Noting that nano-specific data is not always provided for food contact materials (FCMs) and food/feed additives that include nanomaterials assessed by its Panels, EFSA explains that “[t]he use of a nanomaterial in food/feed and related applications will need to be assessed for safety to fulfil requirements of the relevant EU food laws, and in accordance with the provisions of this Guidance.”

The draft Guidance considers scientific developments that have taken place since publication of the 2011 guidance. In particular, it details nano-specific considerations related to in vivo and in vitro toxicological studies and outlines a tiered framework for toxicological testing. The draft Guidance also discusses how to establish whether a material is a nanomaterial, how to conduct an exposure assessment, and hazard identification and characterization.

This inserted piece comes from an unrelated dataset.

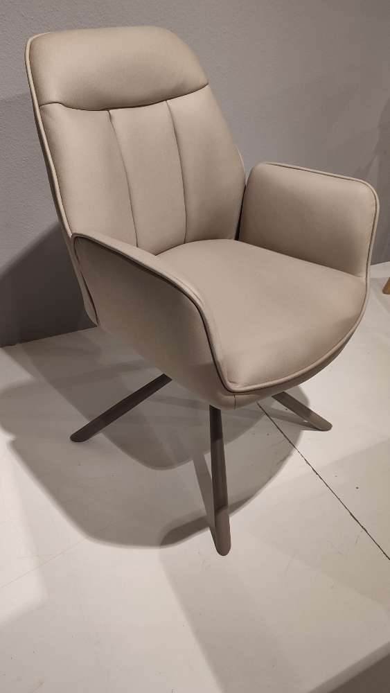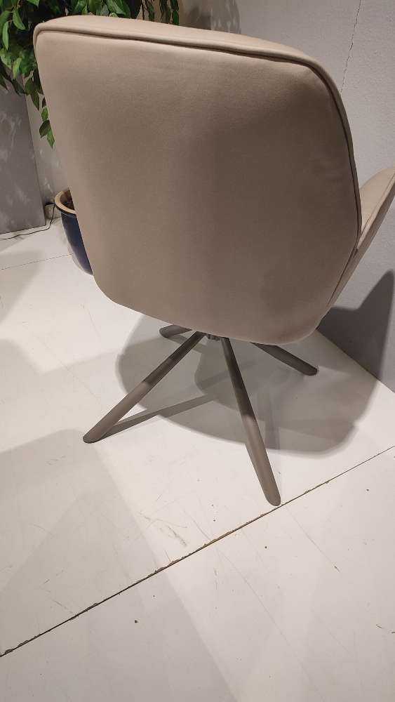 Das taupefarbene Gestell rundet das harmonische Gesamtbild stilvoll ab und verleiht dem Stuhl eine elegante, moderne Note. Ein besonderes Highlight ist die 180°-Drehfunktion, die maximale Flexibilität im Alltag ermöglicht und für zusätzlichen Komfort sorgt.

The draft Guidance provides the following guidance summary for FCMs:

  • Detailed physicochemical characterization of the nanomaterial used as additive or applied as a surface coating on a food contact material must be provided;
  • Exposure to a nanomaterial must be assessed based on the experimental data on migration or transfer from a FCM to food. Potential release of the nanomaterial from the FCM due to mechanical stress or physical disintegration of a FCM polymer matrix should also be considered;
  • Appropriate techniques should be used to both quantitatively and qualitatively determine the migrating species, and to establish whether they are in nanoparticulate or solubilized/degraded form; and
  • A case may be made for exemption from carrying out toxicological investigations where it can be shown that either the migrating species are not in nanomaterial form (in that case standard risk assessment should apply), or migration of the nanomaterial is only in trace amounts.

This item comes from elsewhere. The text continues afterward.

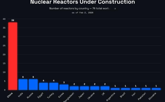 正在建设的核反应堆数量: 中国:38个 印度和俄罗斯:各6个 土耳其:4个 韩国:3个 日本和英国:各2个 欧盟:2个 伊朗、巴西和巴基斯坦:各1个 美国:0个 说白了,现在全球核电建设的格局,简直就是中国一家独大,其他国家加起来都不够看,38个正在建设的核反应堆,直接把第二名乃至第十名的差距拉到没边儿,而曾经的能源巨头美国,居然一个在建的都没有,反差大到让人咋舌。 先给大家摆一组实打实的数据,看清楚全球在建核反应堆的分布:中国以38个遥遥领先,这个数字有多夸张? 印度和俄罗斯各有6个,加起来才12个,还不到中国的三分之一;土耳其有4个,韩国3个,日本和英国各2个,欧盟整体也才2个,伊朗、巴西和巴基斯坦则各只有1个,最让人意外的是美国,在建数量直接挂零,这种差距可不是一星半点儿。 很多人看了都会犯嘀咕,说核电不能建太多,不然核废料、核废水怎么处理?还有人说,现在核聚变反应堆都已经进入实验阶段了,这时候还大量建核裂变反应堆,简直太不明智。 其实这种担心完全多余,今天就跟大家好好解读下,为啥我们国家敢放心大胆地大规模批量建造核电。 首先说大家最关心的核废料处理问题,我们中国的核废料处理技术,那绝对是世界顶尖水平,别的国家还在头疼怎么安全掩埋的时候,我们已经实现了核废料的高效复用,复用率直接超过90%。 就像我们的启明星二号反应堆,能把原本难处理的高放射性废料转化成可用能源,再加上冷坩埚玻璃固化技术,能把核废料做成稳定的玻璃体,千年都不会渗漏,彻底解决了核废料的后顾之忧。 而且我们建的很多都是钍基熔盐堆,这种反应堆跟传统反应堆不一样,不需要大量的水来冷却,也就不会产生大家担心的核废水,刚好避开了核电厂的一大痛点,哪怕是在缺水地区也能正常建设运行,灵活性特别高。 还有人纠结聚变堆即将实现,现在建裂变堆没必要,其实两者并不冲突。 要知道,核聚变虽然前景广阔,我们国家的BEST装置也在加速建设,预计2030年就能实现发电,但它真正实现规模化商用,至少还需要二三十年。 这段时间里,我们推广钍基熔盐堆这种先进的核裂变技术,刚好能填补能源缺口,为后续聚变堆落地做好过渡,丝毫不会浪费。 另外大家要清楚,中国的核电跟外国的核电,最大的区别就是技术代差。 我们现在建的,都是代表世界最新、最安全的反应堆技术,比如华龙一号,有双重安全系统,能抵御15级地震和大型飞机撞击,关键设备几乎全是国产的。 而国外很多正在运行或在建的核反应堆,大多是老旧技术,安全性和效率都远不如我们,这也是我们敢大规模建设的核心底气。 网传的一句话其实很有道理,中国不但是核电第一大国,不管是在建数量还是技术水平都领跑全球。 同时也是风光水火电第一大国,各类清洁能源布局全面,更是全球用电第一大国,这么大的用电需求,光靠风光水电不够稳定,核电刚好能起到支撑作用,成为清洁能源体系的重要支柱。 最后说明一下,以上内容仅为个人解读和看法,不代表任何官方观点,每个人对核电建设都有不同的见解,大家可以在评论区留下自己的想法,一起交流探讨。

The conclusions in the draft Guidance also highlight, inter alia, the following points that may be of particular relevance for FCMs:

  • Irrespective of the presence of a nanomaterial, the existing requirements for safety assessment per EFSA Guidances for conventional non-nanomaterials under relevant regulations must be followed (for example, in the case of FCMs, this would include EFSA’s Note for Guidance for the preparation of an application for the safety assessment of a substance to be used in plastic food contact materials, as last updated on May 8, 2017);
  • The existing risk assessment paradigm for chemicals is also applicable to nanomaterials. However, testing of nanomaterials needs consideration of certain nanospecific aspects that have been highlighted in this draft Guidance;
  • The draft Guidance proposes a structured pathway for carrying out safety assessments of nanomaterials in food/feed and related applications, and provides practical suggestions for the types of testing needed and the methods that can be used for this purpose; and
  • The draft Guidance also highlights certain gaps where further research is needed to facilitate adequate safety assessment of materials that consist of small-sized particles.

Written comments on the draft Guidance are due by March 4, 2018. Details on how to submit comments can be found on EFSA’s website.